Published on September 15, 2009 at 5:08 AM · No Comments

Dendrites integrate thousands of inputs locally before sending signals to central axon

A tiny neuron is a very complicated structure. Its complex network of dendrites, axons and synapses is constantly dealing with information, deciding whether or not to send a nerve impulse, to drive a certain action.

It turns out that neurons, at one level, operate like another complicated structure -- the United States, particularly its system of electing a president, through the Electoral College.

A new Northwestern University study provides evidence that supports the "two-layer integration model," one of several competing models attempting to explain how neurons integrate synaptic inputs. The findings are published in the journal Neuron.

In this model, each dendritic branch of a neuron receives and integrates thousands of electrical inputs, deciding on just one signal to send to the axon. The axon then receives signals from all the dendrites, much like electoral votes coming in from state elections, and a final decision is made.
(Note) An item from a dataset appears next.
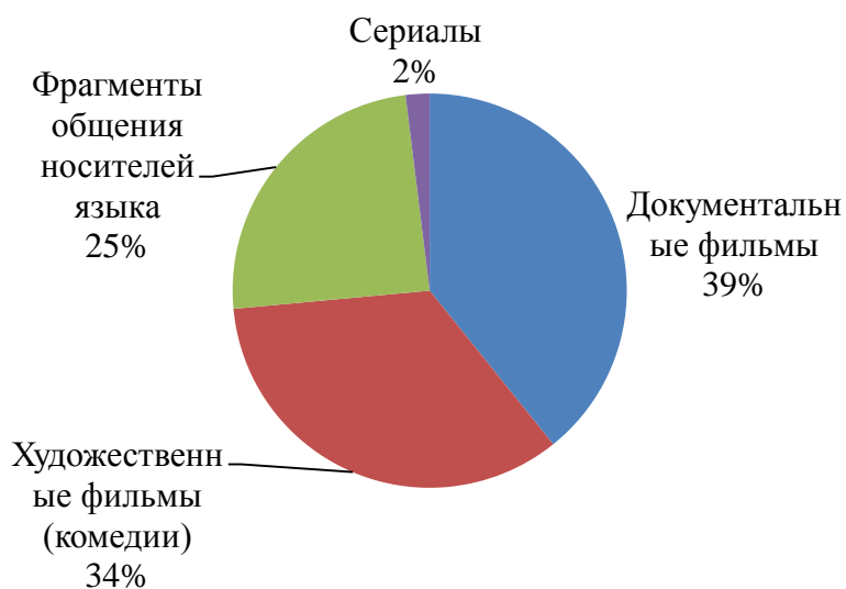
Рисунок 3 – Результаты анкетирования обучающихся 8-х классов по вопросу №3

О способах работы над видеофрагментами мнения разделились - обучающиеся хотят видеть видео как сопровождение к другому заданию (например, к розыгрышу диалога), как сопровождение к теме урока (например, если тема про школьную жизнь, то и видео должно быть про неё), как отдельный вид упражнения. Обучающиеся выразили мнение, что видео позволят разнообразить урок, особенно, если они комедийные, и позволят снизить нагрузку на мозг. Некоторые обучающиеся озаботились снижением продуктивности урока, если видео будет занимать много времени на уроке.

The result could be an output in the form of an impulse, or action potential, or no action at all.

"There are more than 100 billion neurons in the human brain, so detailed knowledge of individual neurons will lead to a better understanding of how the brain works, including the processes of learning and memory," said Nelson Spruston, who led the research team. He is professor of neurobiology and physiology in the Weinberg College of Arts and Sciences at Northwestern.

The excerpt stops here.